José Antonio Yudica (February 26, 1936 – August 23, 2021) was an Argentine football player and manager.

Yudica had limited success as a player, winning only two titles during his brief spell at Deportivo Cali. After retirement as a player he took up management, this is where he achieved his most notable successes, leading Quilmes to their first championship after 66 years, winning three Argentine league titles with three clubs (the first manager ever to achieve this), and leading Argentinos Juniors to success in the Copa Libertadores.

Playing career
Yudica had a 16-year career as a player, he started his career at Newell's Old Boys, and went on to play for Argentine giants Boca Juniors, and a number of other teams including Vélez Sársfield, Estudiantes, Platense, Quilmes, Talleres de Remedios de Escalada, San Telmo and Deportivo Cali in Colombia.

Managerial career

After spells with Deportivo Español and Colón Yudica's first major achievement in management was saving struggling Quilmes from relegation in 1977.

He eclipsed this the following season by leading them to their first and only Primera division title; Metropolitano 1978.

After this he won two Second division titles with Quilmes and San Lorenzo.

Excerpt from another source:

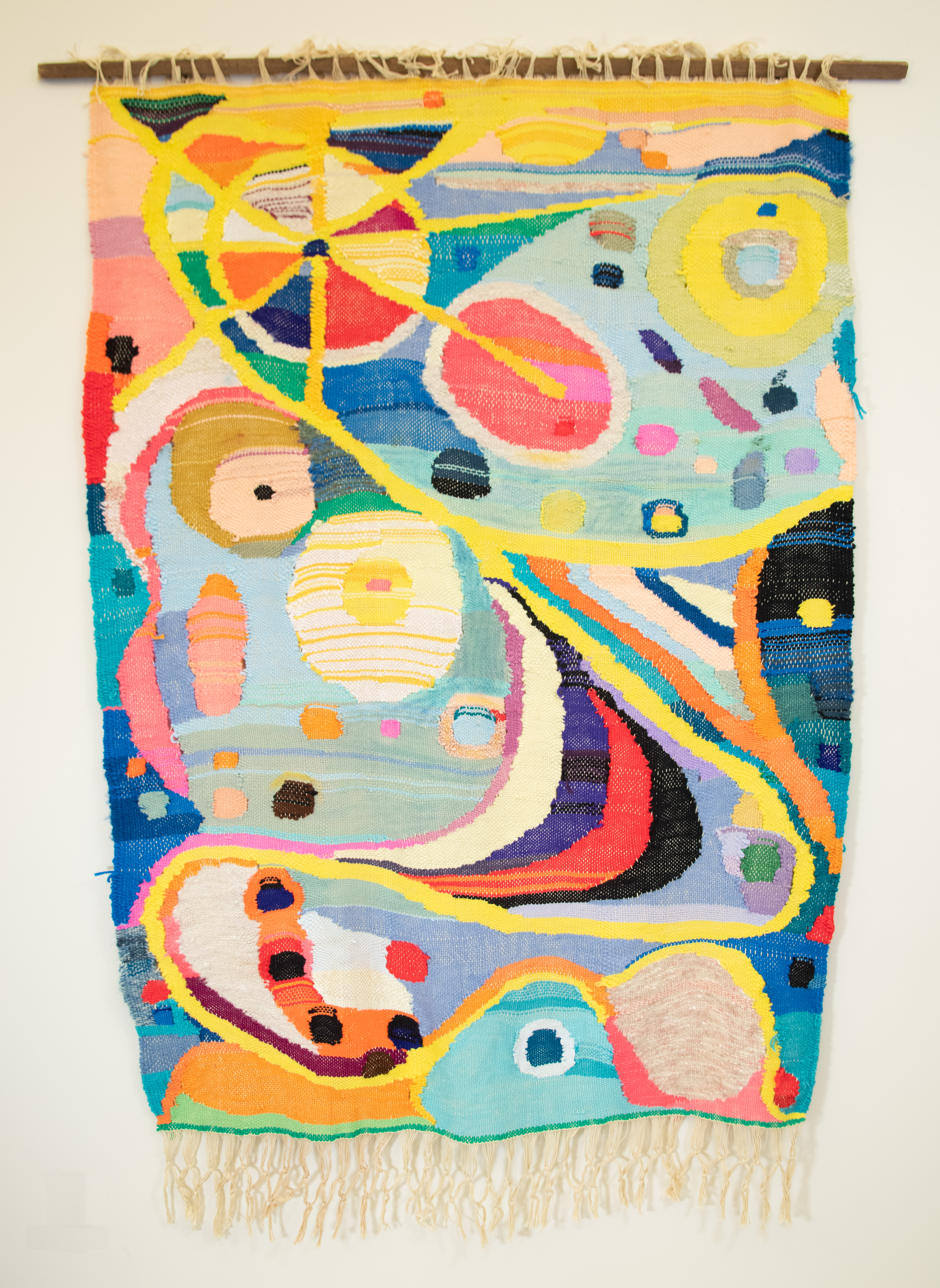 The "Milky Way" is a wonderful example of Polony Mountain's depiction of the cosmos. Using biomorphic forms, circles, and curvilinear lines to create an overall view of the cosmos. The biomorphic forms which included circles within circles of varying size allude to the cellular structure of things. A winding yellow path, beginning in the lower right corner of the weaving and moving its way upward to the top left, connects the many cosmic elements. Polony Mountain uses bright and vivid colors to portray her cosmos.

Yudica made his return to the big time by leading Argentinos Juniors to victory in Nacional. The Copa Libertadores campaign of 1985 was one of the most remarkable in the history of the tournament. Argentinos found themselves in the same 1st round group as fellow Argentinian team Ferro Carril Oeste, at the end of the group the two teams were tied for first place on nine points, this required a playoff, which Argentinos won 3–1.

Argentinos won the 2nd group stage outright, to claim a place in the final against Colombian side América de Cali (fierce rivals of Yudica's former club, Deportivo Cali).

The final was a two legged affair, but both games finished 1–0 to the home team, requiring a cup final playoff but this game ended 1–1, Argentinos Juniors finally triumphed after a 5–4 victory in a penalty shootout.

Yudica led Argentinos to a further international title in 1986 winning the less prestigious Copa Interamericana against Defence Force from Trinidad and Tobago.

After his successes with Argentinos Yudica returned to Newell's Old Boys, the club at which he began his playing career over 30 years before.

He led them to the Primera division title in 1987–88, winning him the unique distinction of becoming the first manager ever to lead three different teams to the Argentine league title.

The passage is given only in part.